[clang] [analyzer] Model overflow builtins (PR #102602)

DonĂ¡t Nagy via cfe-commits cfe-commits at lists.llvm.org
Mon Aug 12 09:43:47 PDT 2024


================
@@ -50,6 +101,44 @@ class BuiltinFunctionChecker : public Checker<eval::Call> {
 
 } // namespace
 
+void BuiltinFunctionChecker::HandleOverflowBuiltin(const CallEvent &Call,
+                                                   CheckerContext &C,
+                                                   BinaryOperator::Opcode Op,
+                                                   QualType ResultType) const {
+  // All __builtin_*_overflow functions take 3 argumets.
+  assert(Call.getNumArgs() == 3);
+
+  ProgramStateRef State = C.getState();
+  SValBuilder &SVB = C.getSValBuilder();
+  const Expr *CE = Call.getOriginExpr();
+
+  SVal Arg1 = Call.getArgSVal(0);
+  SVal Arg2 = Call.getArgSVal(1);
+
+  SVal RetVal = SVB.evalBinOp(State, Op, Arg1, Arg2, ResultType);
+
+  // TODO: Handle overflows with values that known to overflow. Like INT_MAX + 1
+  // should not produce state for non-overflow case and threat it as
----------------
NagyDonat wrote:

> `clang_analyzer_eval(a + b < 30); <--- Prints 1 and 0, but why ???`

Assuming that `a` and `b` are signed integers, they can be very negative, and then their sum can be a positive value above 30 (after an overflow).
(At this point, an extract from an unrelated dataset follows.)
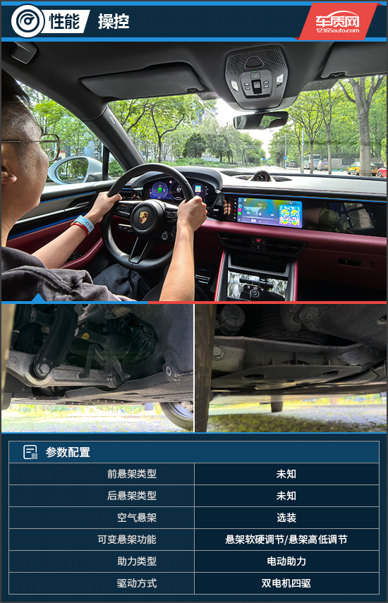 评测车选装了含车身水平高度控制和行车高度调节功能的自适应空气悬架,并支持保时捷主动悬挂管理系统(PASM)。实际体验,这套悬架所采用的双阀门技术拓宽了性能与舒适之间的可调范围,且不同驾驶模式之间的差异更为显著。在运动模式下,底盘紧绷,路感清晰,每通过一个弯道都像在向你诠释何为精准操控。

This means that both boolean values are possible for the expression `a + b < 30`, and the analyzer represents this by printing both 1 and 0.

(If I understand this correctly, we get two definite numbers instead of one range because the on-by-default `eagerlyAssume` mode causes a state split when it sees the comparison operator in `a + b < 30`, despite the fact that this is not in a conditional expression.)